Abstract
13C nuclear magnetic resonance spectroscopy has been successfully applied to determine the structures of natural derivatives of long-chain fatty acids and in particular, waxes and glycerides. The term wax is used to indicate esters of aliphatic acids with alcohols other than glycerol. 13C chemical shifts of unsaturated carbons in long-chain esters and acids were explained in terms of long-range σ-inductive interactions through saturated C-C bonds in polymethylene chains. A mathematical model was proposed to predict NMR shifts at sp2 carbons of mono- and non-conjugated polyenoic acids and esters. 13C NMR was also applied for studying the structure of glycerides.

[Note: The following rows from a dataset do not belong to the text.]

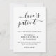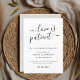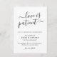 Custom-designed wedding postponement/change the date announcement card featuring "love is patient" modern hand script design.
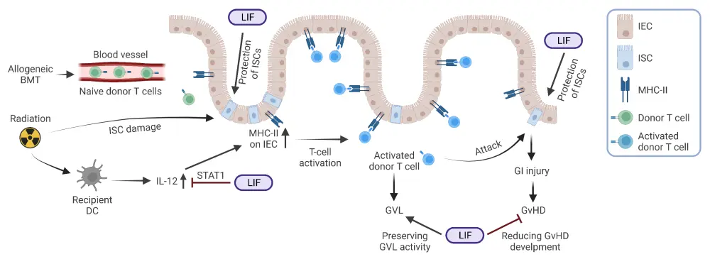 Leukemia inhibitory factor (LIF) has been shown to be involved in regulating inflammation and maintenance of intestinal stem cell function and number.1 The mechanism by which LIF can provide a protective benefit against GvHD is shown in Figure 1. Here, we discuss a preclinical study by Wang et al.1 that investigated the role of LIF in GvHD using murine models.
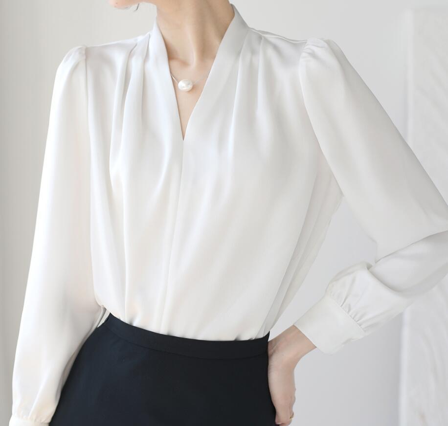- 人気推薦/上品 Vネック 長袖 ブラウス レディース サテン シャツ オフィス きれいめ おしゃれ 大人 ビジネス デート 光沢感 /ホワイト
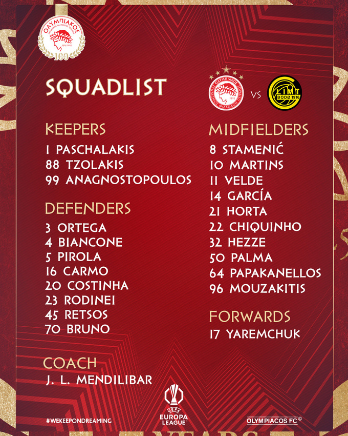 Заявка Олимпиакоса на ответный поединок Лиги Европы:
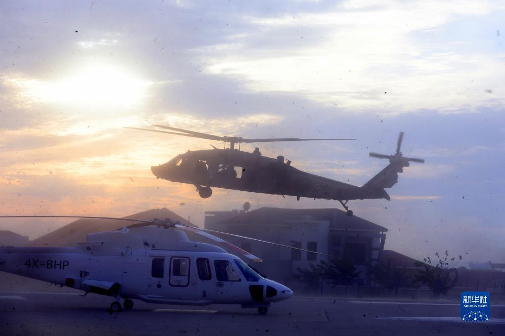 10月7日,在以色列南部城市阿什凱隆,直升機轉運傷者接受治療。
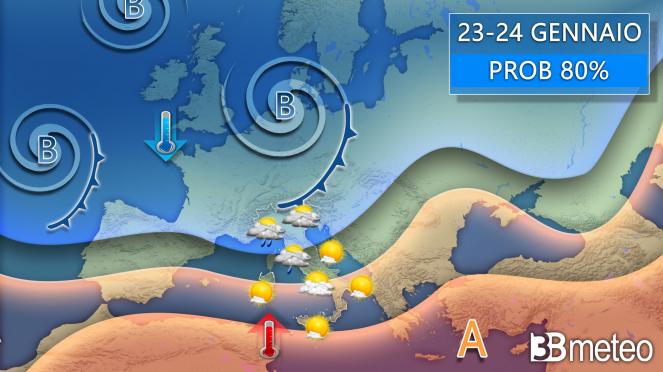 Archiviata la fase fredda caratterizzata dall'arrivo sull'Italia di correnti artiche dall'Europa orientale, si riapre la porta atlantica che consentirà alle perturbazioni oceaniche di raggiungere l'Italia e l'Europa, lo riporta Carlo Migliore di 3Bmeteo. Questo tipo di circolazione è caratterizzata da temperature miti e clima umido e a tratti piovoso, ma non ci saranno intense fasi di maltempo sull'Italia.
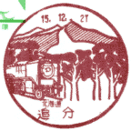 | 16:38 | 追分駅から約300m離れている追分局に行き、風景印を押印する。局名の字体が使用開始(1979年(昭和54年)9月1日)のときと異なっていました。切手自販機そばにあるレンガ風の近代的な壁には木の扉の私書箱6つ…すごくミスマッチですね(^^;。 |
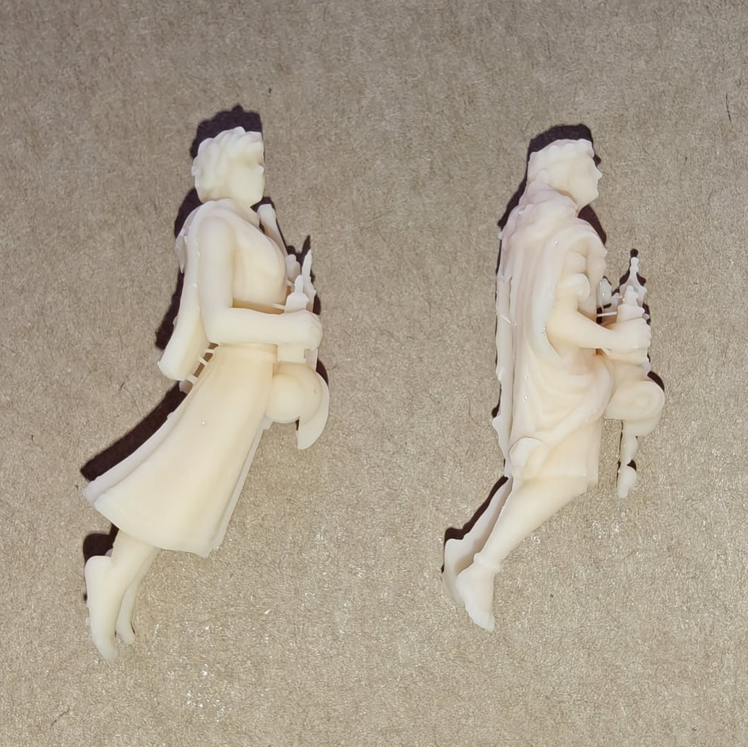 Alright, here's a detailed walkthrough of how to make the slot in the figure using Onshape: 1: make the prow template I am sure there are many ways to do this, but this is how I do it. I draw the shape in QCAD, using the scaled drawing as reference: You can do this in any CAD program. Make sure all the endpoints touch - it needs to be a closed shape to enable the extrude operation. Then I make a new project en Onshape and create a 'Sketch': You have to pick the plane to sketch on (I pick the front, it dosn't matter) Then, before completing the sketch operation, click the DXF function at the top right: Import your prow 2D CAD file: click the tick mark on the sketch function to complete this: Choose the central shape (not the lines) and use the extrude function (top left): Here you pick the depth to extrude, the thickness of your keel, but give it a bit extra, othewise bleeding of the pixels during 3D printing will likely make the cut to shallow to fit. You must experiment with the correct thickness. Then export this 3D keel shape as an stl: Import this and your figure into the slicer (you can do it in onshape as well, but I am not good at moving things around in that program, so I prefer the slicer). Adjust the position of the parts to fit and combine the parts (at least in Lychee, you have to do this to export both in the correct relative positions): Export the object to an stl: 2: make the slot with the boolean function in Onshape Now we need to import this model into Onshape. From the main menu, click the create>import Import your stl - the progress will appear in the notifications tab (a bit counterintuitive): When it is done, you get a link to your imported file: Now we are redy to do the boolean. It is at the top bar, two intersection circles icon: As it says, you can do three types of boolean operations, union, subtraction and intersection - we need to subtract. The prow is the 'tool' and the lion is the target. You can have several tools operating on several targets, if needed. In my case, three lion parts appear - this is because I have two small, free floating bits of mane - normally you would just be left with one slotted figurehead part: Then you just export the part(s): I have seen instances where the boolean function fails - this happens if there are very extreme topologies as a result of the subtraction, but mostly, if you have so-called water-tight stl files, this just works like a charm. Let me know if there are any points that need clarification! BR TJM
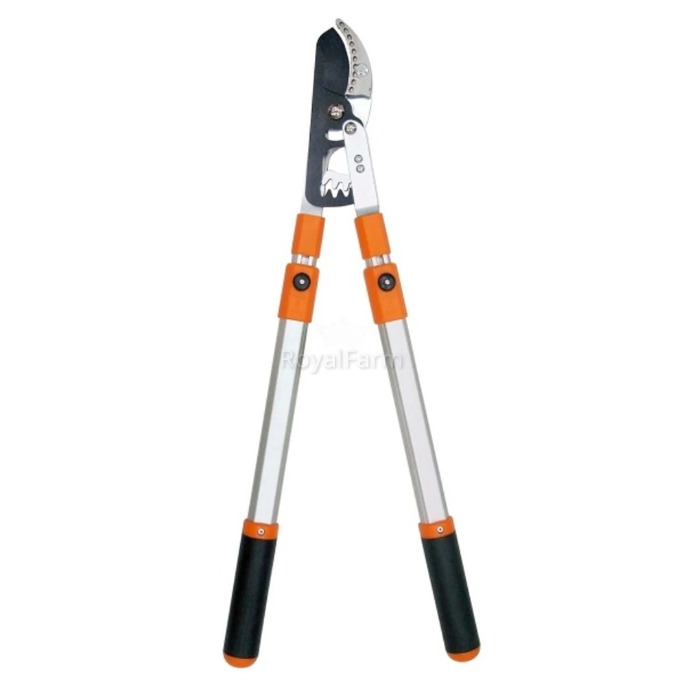 A rávágós teleszkópos kerti ágvágó ollót ágak és bokrok metszésére ajánljuk. A teleszkópos nyél alumíniumöntvényből készült, 70 és 104 cm tartományban állítható. Csúszásmentes felületű markolat. A racsninak köszönhetően a vastagabb ágak vágása kisebb erőkifejtést igényel.
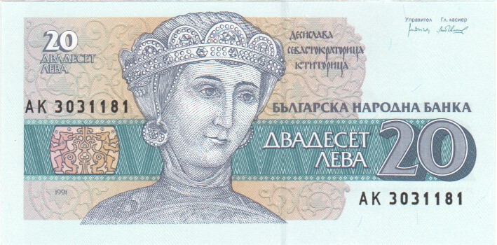 Bulgaria 20 Leva, 199110020 Leva1991UNC£1.00
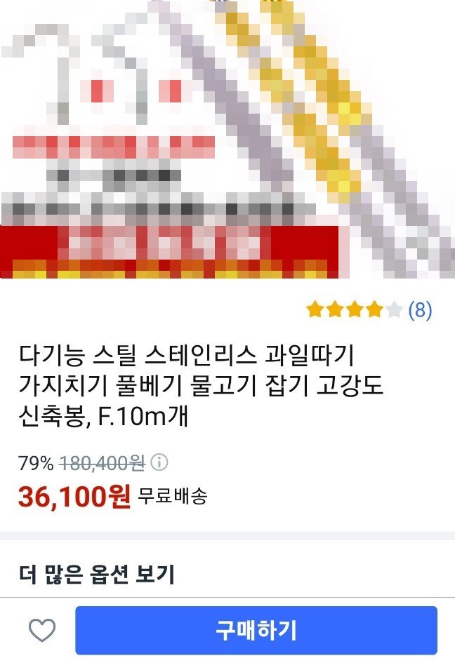 19일 제보자 A씨와 쿠팡 등에 따르면 A씨는 지난달 25일 쿠팡에서 풀이나 가지를 베는 용도의 스테인리스 고강도 신축봉을 구매했다.
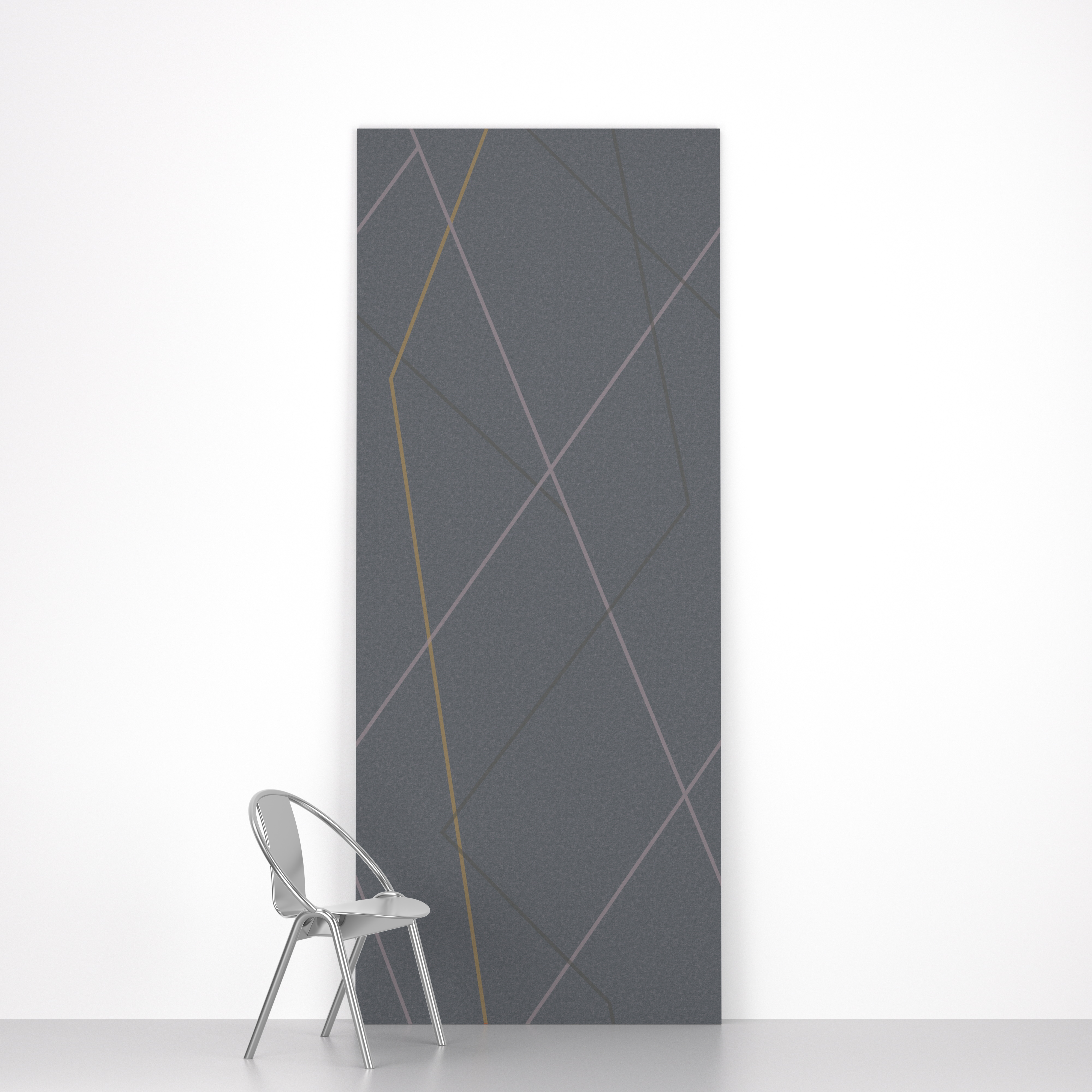 CONFIDENT ALONE, DESIGNED TO BE COMBINED: These bold graphic elements line up from panel to panel and are made to speak for themselves while keeping a lid on noise. Printed in large, dramatic scale, CROSS THE LINE is available in 6 colorways. CROSSCUT, its companion panel, is etched_carved from solid colors. Made from recycled PET felt (0.5"), Red List free with an NRC value of 0.45-0.9.
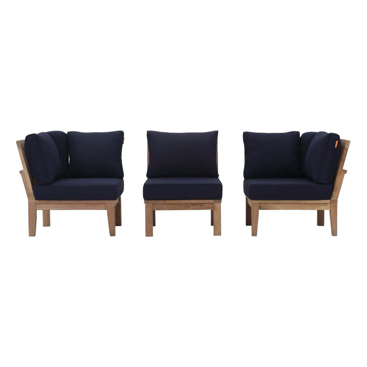 Modway Marina 7 Piece Outdoor Patio Teak Sofa Set in Natural Navy
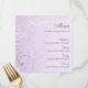 Wedding meal menu in elegant lavender swirls pattern, customizable with your details and available in matching wedding products.
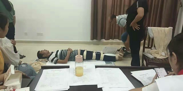 这次为期7天的培训跟以往的暑期教师业务培训有很多的不同:第一、学习的内容丰富、形式多样:有应急救护常见急症理论知识的讲授、小组讨论;有心肺复苏和创伤救护急救技术的细心讲解、示范、个人实操练习;有突发事件理论讲授、讨论;也有心理救护的理论讲授;还有实地的生命健康安全体验与户外拓展训练。第二:培训的时间安排科学、紧凑,我们所有的培训人员一切行动听指挥,白天听课小组讨论,晚上进行内容消化实操练习,人人学习的积极性高涨,个个都精神饱满;第三:这几天给我们授课的几位老师个个都专业知识扎实、负责任、有耐心且很辛苦,特别是陈乐老师跟黄蓉老师,她俩专业的知识和敬业的工作态度让我们印象深刻,若有不会操作的地方陈乐老师会十分耐心手把手的一遍又一遍地教我们;若有不理解的急救知识专业术语黄蓉老师就会用她通俗易懂幽默的语言让我们现场融会贯通。第四:结业的形式不再是像以往走流程式的做做样子,而是严格的按照考试要求,参训的所有人员统一先笔试闭卷答题,然后心肺复苏的操作技术是人人必考必须合格的,创伤出血与止血、现场包扎技术、骨折固定三个内容是以分组抽签的形式准备实操,再就是自选课题自制课件准备一堂试讲课,最后再根据所有考核的内容综合来定我们是否具备当一名合格的应急救护师资的。第五:领导高度重视,市红十字会郭秘书长和我们英山的张会长在这7天的培训学习中,一直是与我们学员同吃同住一同上课,非常的辛苦!
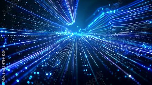 Naklejka premium Abstract glow neon data technology lines and particles in blue. A space of lines go forward, cyberspace in depth of field.
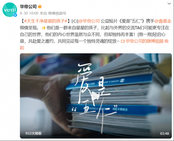 2005年至今,华帝通过“红领巾1+2”助学项目等公益项目,为困境中的儿童和青少年送去多重关爱。2024年8月,华帝携手壹基金共同启动「天生干净 星星的孩子」孤独症家庭守护计划,项目首期资助了14所“家长加油站”,帮扶对象覆盖700多个孤独症家庭。华帝董事长兼总裁潘叶江也以个人捐款的方式积极支持这一公益活动。同期拍摄的公益短片《爱是“五仁”》总曝光量超过2600万,有效吸引了更多社会力量加入到对这一特殊群体的关注和帮扶中。
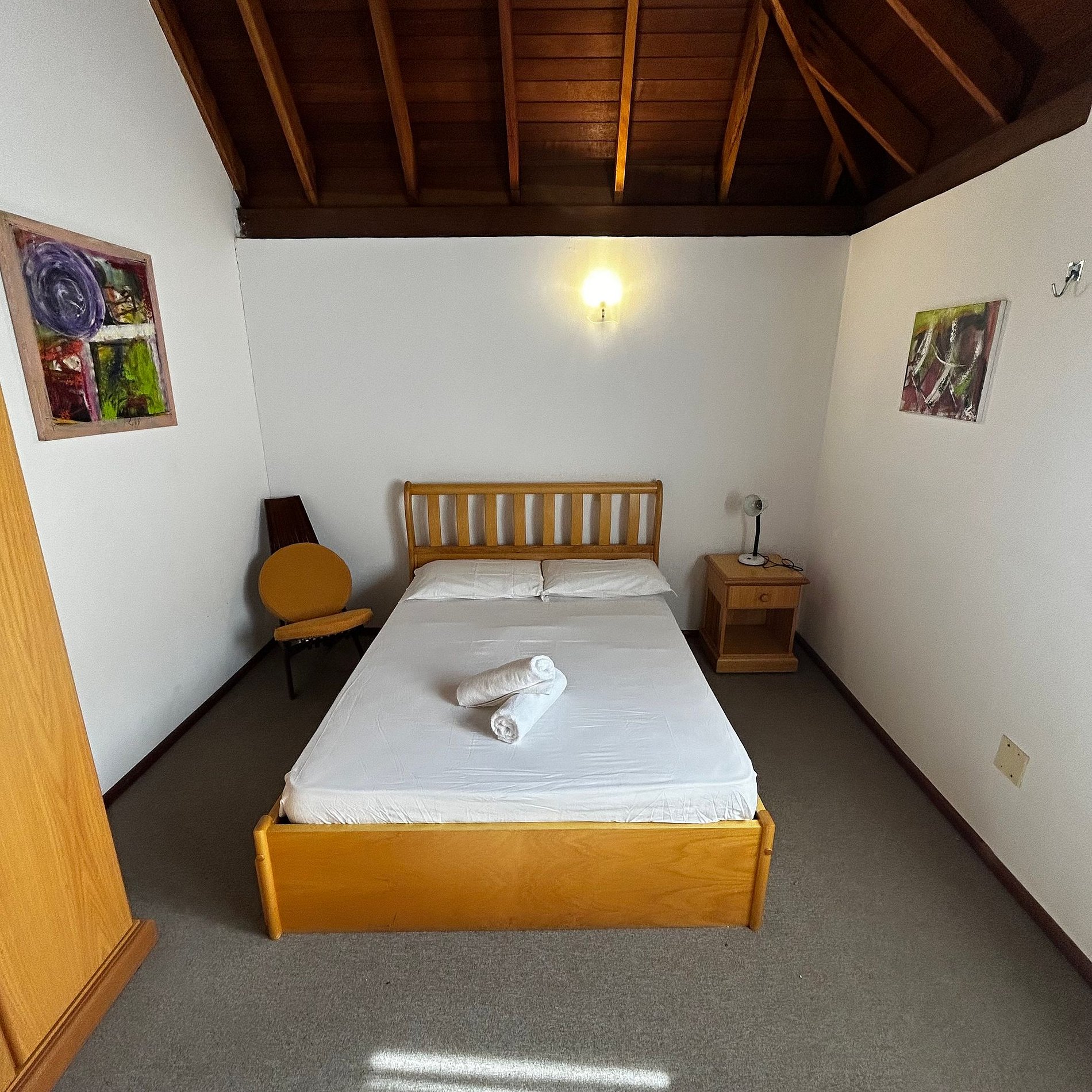 Segundo quarto: equipado com duas camas de solteiro e uma cama auxiliar extra, ideal para acomodar crianças ou amigos.

Unsaturation degree, cis-trans isomerization, and positional isomerism of fatty acids were determined along with their distribution between the 1,3- and 2-positions of glycerol backbone. The compositional data of the two fatty acid pools which esterify 1,3- and 2-glycerol positions, opened a new frontier in the knowledge of glyceride structures. Positional data of triglycerides enabled the set-up of new analytical methodologies which apply quantitative 13C NMR spectroscopy to determine the composition of natural mixtures of triacylglycerols, i.e. vegetable oils.
Keywords: 13C NMR, Waxes, Glycerides, Structure, Composition